I'm womdering if there is a tax avoidance gain to use your own company to buy the boat and therefore you could have the company pay maintenance, fuel, etc.

What are the tax issues here?
Can you purchase a second hand boat?

I'm thinking that it will get put down as an asset but not sure:blink:


----------



## Orion45 (Jun 26, 2008)

Check with your CPA. He can give you the best answer based on your particular circumstances.


----------



## MrFish (Aug 21, 2009)

Check with your accountant.


----------



## Evensplit (Oct 2, 2007)

assuming you already have an s-corp, if you can justify it as a business expense you can write at least part of it off. There are insurance issues to deal with. 
Go with the previous advice - check with your accountant before you do anything!


----------



## Instant Karma (Oct 9, 2007)

You are going to have to justify it as a business, that means you have to make a profit every once and a while. Otherwise its a hobby loss, not deductible.


----------



## TURTLE (May 22, 2008)

Instant Karma said:


> You are going to have to justify it as a business, that means you have to make a profit every once and a while. Otherwise its a hobby loss, not deductible.

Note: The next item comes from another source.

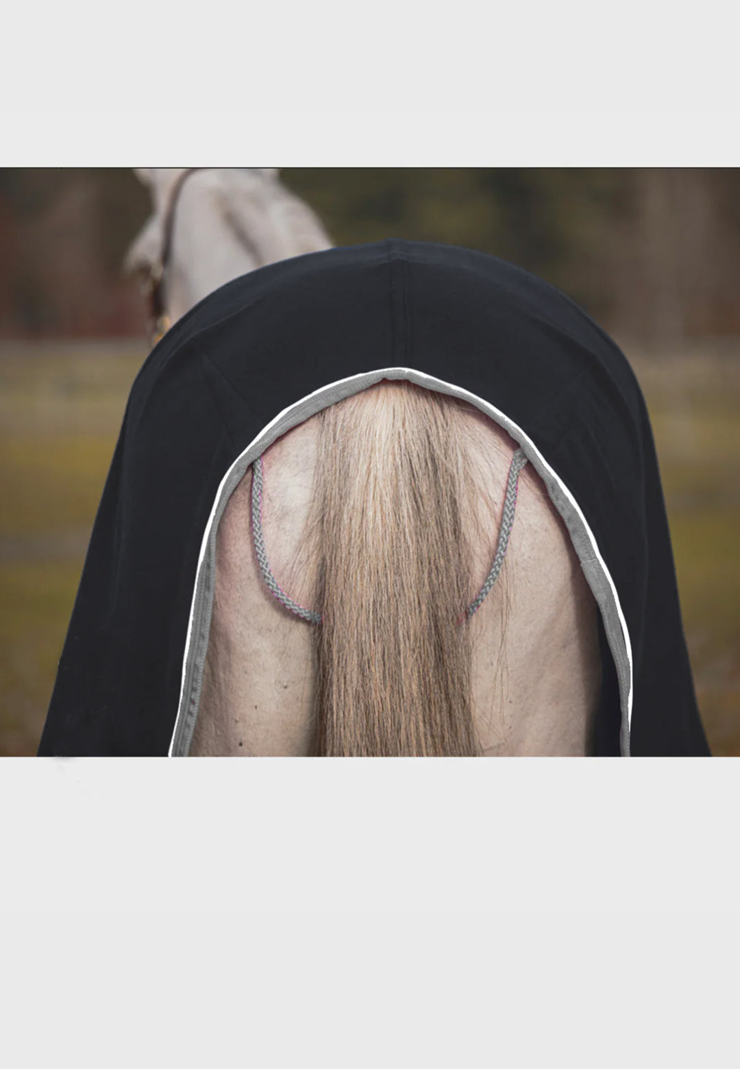 *Price includes embroidered logo on back left corner in white, optional horse or rider name for an additional $8 charge. Braided tail cord included but optional fancy hip ornament (see green image) available for a $25 upgrade. Image shows suggested placement and size - actual product may differ slightly. We ask for 1 month for custom orders.

*I have had three boats purchased buy an S-Corp for advertizing. The boats were registered in the business name and used for entertaining clients. I have never deducted 100% of the cost of ownership because I used it personaly as well but I am no CPA, check with one as all others have advised.*


----------



## Snelly (Oct 3, 2007)

Thanks for the replies.

I've sent a message to my accountant to see what they say.


Just thought it might be a good way to get my company to work for me.

I know of people in the UK that bought boats through their company as a charter, but then never managed to charter it. The boat was still an asset of the company which needed maintenance and regular use/fuel to maintain it .

Insurance would be paid by the company as the boat would be registered by it, so not sure what issues there might be there.

Interesting one though...


----------



## sealegs (Jan 11, 2010)

*boat purchase*

Im anxious to hear what your accountant has to say, mine said the fastest way he new to get an audit was to try to write off a airplane or a boat, we just take expenses when we take out clients .Heavy documentation is also required,even when its the accountant i take out. Rick


----------



## MGlover54 (May 11, 2011)

Why not buy it personally then lease it to the company for a fee "when you go out"?


----------



## Snelly (Oct 3, 2007)

Yup, looks like its more trouble than it's worth.

My accountant echoes what others say. As no revenue would be generated it would go down as a hobby and basically negate any benefits.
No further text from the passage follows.